De Japanse gynaecologische Oncologiegroep (JGOG) bestudeerde de wekelijkse dosering van paclitaxel-een schema dat optimaal was in vergelijking met het Q3-weken schema bij borstkanker voor paclitaxel–monotherapie-en combineerde dit met Q21-dagen carboplatine. Een opvallend overlevingsvoordeel werd waargenomen, evenals indrukwekkende resultaten op lange termijn. In een recentere GOG-studie werd het voordeel van dit wekelijkse schema alleen waargenomen bij de minderheid van de patiënten die geen bevacizumab kregen in een Q21-dagen schema. Andere groepen hebben melding gemaakt van aanvullende vergelijkende onderzoeken; hun resultaten hebben de onzekerheid over veranderingen in de dosis/het schema van paclitaxel vergroot als determinant van de uitkomst bij ovariumkanker. Tolerantie is een ander aspect van dergelijke schema veranderingen die belangrijk is om te overwegen; dit zal de focus van de volgende verschillende secties.

hematologische toxiciteit

trombocytopenie is de dosisbeperkende toxiciteit van carboplatine, en dit was een belangrijke overweging toen Egorin en collega ‘ s de initiële farmacodynamische dosering ontwikkelden in een studie met patiënten met een abnormale nierfunctie. Paclitaxel vermindert de impact van carboplatine op het aantal bloedplaatjes en versnelt in feite het herstel van door platina geïnduceerde beenmergsuppressie-een effect dat vooral duidelijk is wanneer platina/paclitaxel doublets worden vergeleken met andere platina doublets of worden gebruikt bij eerder behandelde patiënten. Het is onwaarschijnlijk dat een op area under the curve (AUC) gebaseerde eerste dosis carboplatine bij een chemotherapienaïeve patiënt zal resulteren in dosisbeperkende hematologische toxiciteit: trombocytenaantallen die dalen tot onder 50.000/μL en bloedplaatjestransfusies vereisen voor bloedingen bij niet eerder behandelde patiënten zijn uiterst ongewoon, vooral wanneer carboplatine wordt toegediend in combinatie met paclitaxel. Omdat deze carboplatine toxiciteit meestal begint te verschijnen na dag 14 en voorspelbaar cumulatief is, moet men de nadir bloedplaatjes telling van de vorige cyclus en baseline na herstel als signalen gebruiken om een carboplatine dosisverlaging te overwegen.
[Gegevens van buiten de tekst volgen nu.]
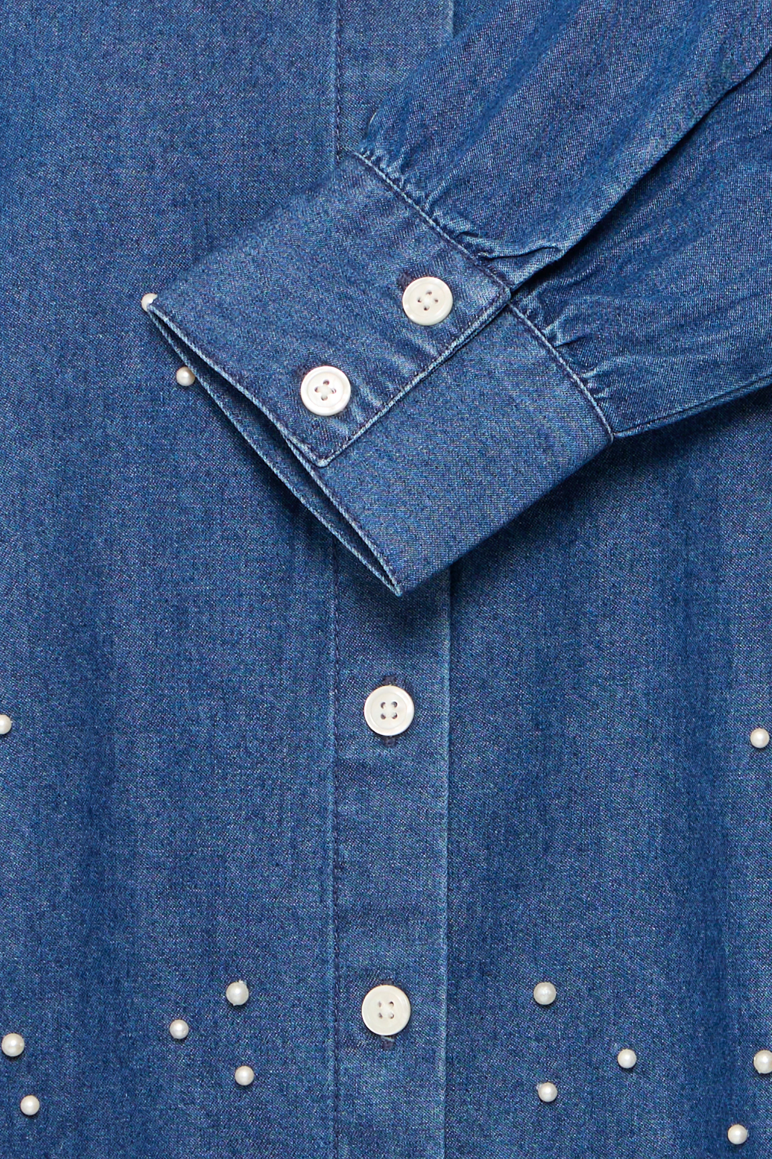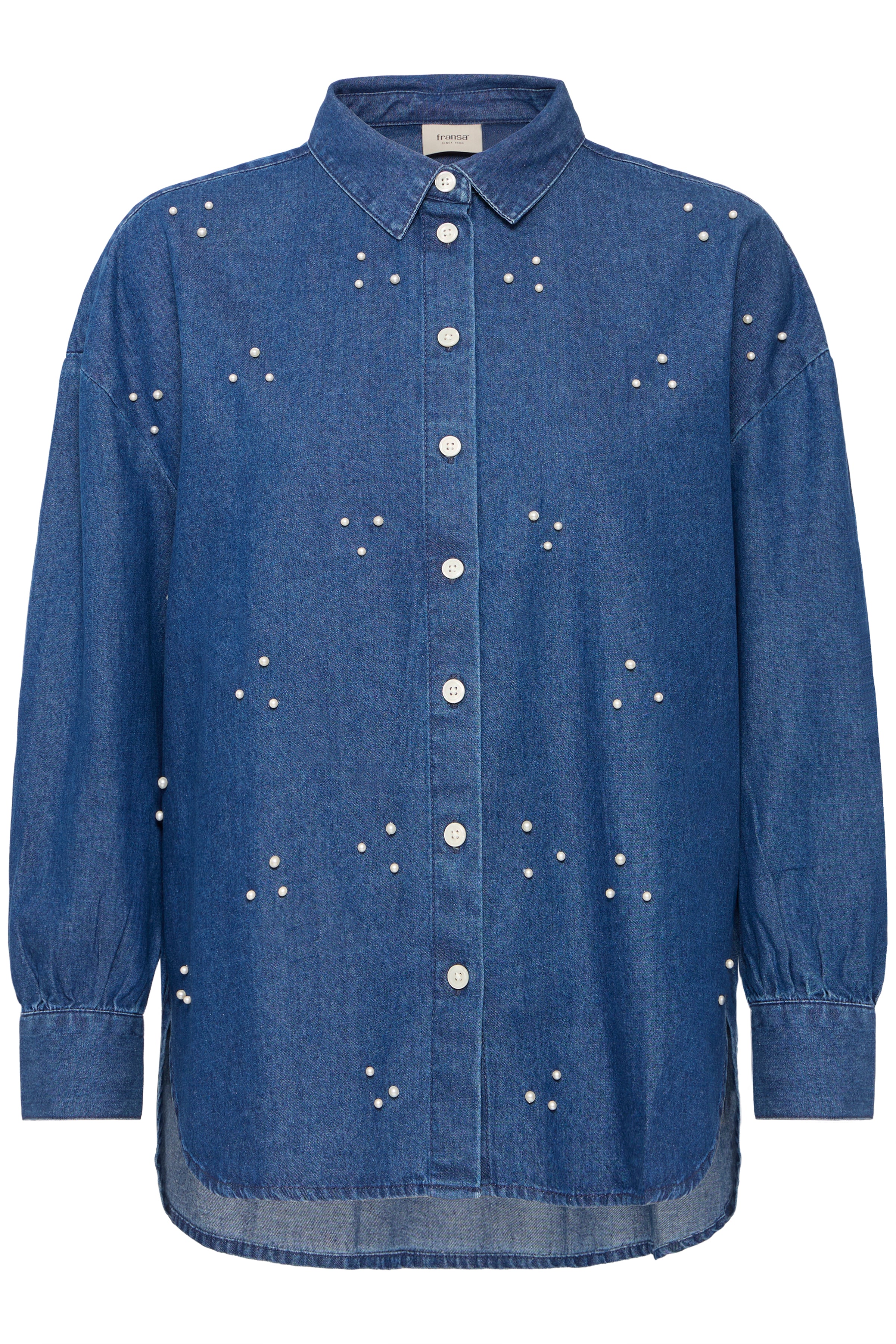 FRCALANTHA SH1 skjorte fra FRANSA er en flot skjorte i light blue denim, dekoreret med påsyede perler. Den er let rummelig uden at være oversize. Skjorten har lange ærmer og en fin klassisk flip.
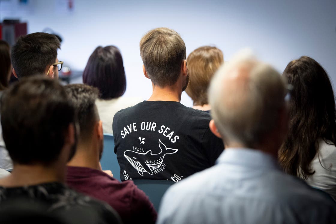 Der renommierte Klimaforscher der ETH Zürich Reto Knutti eröffnet sein Referat mit den Worten «der Klimawandel ist Realität und der menschliche Einfluss darauf ist eindeutig». Faktenbasiert und ohne Einbezug seiner persönlichen Meinung präsentiert er den rund hundert Teilnehmenden die Ursachen und die gesellschaftlichen Folgen des Klimawandels. Bei der anschliessenden Resonanzrunde kommen die Berufsschüler zu Wort und haben die Möglichkeit, Knutti Fragen zu seinem Vortrag, aber auch zu seiner Klimapolitik und Lebensweise zu stellen.

Bijvoorbeeld, als het aantal bloedplaatjes meer dan 200.000/μL is aan het begin van cycli 1 en 2, maar nauwelijks meer dan 100.000/μL aan het begin van cyclus 3, is een preventieve dosisaanpassing die de AUC met 20% verlaagt aangewezen (hoewel dit niet zou worden vereist door protocolaanpassingen die gebaseerd zijn op een daling onder het normale bereik voor het aantal bloedplaatjes). Beenmergtolerantie in de voorafgaande cyclus (bepaald door plaatjesnadir en herstel) is de beste leidraad voor dosering in de volgende cyclus; in feite is de afwezigheid van enig effect op het aantal bloedplaatjes een signaal dat carboplatine onder-gedoseerd kan zijn. Bovendien is het onwaarschijnlijk dat de patiënt klinisch significante neutropenie zal ontwikkelen als het aantal bloedplaatjes niet daalt tot dosisbeperkende niveaus. Een verwant gevolg: toediening van granulocyt-koloniestimulerende factor is zelden of nooit noodzakelijk bij patiënten die naïef zijn voor chemotherapie.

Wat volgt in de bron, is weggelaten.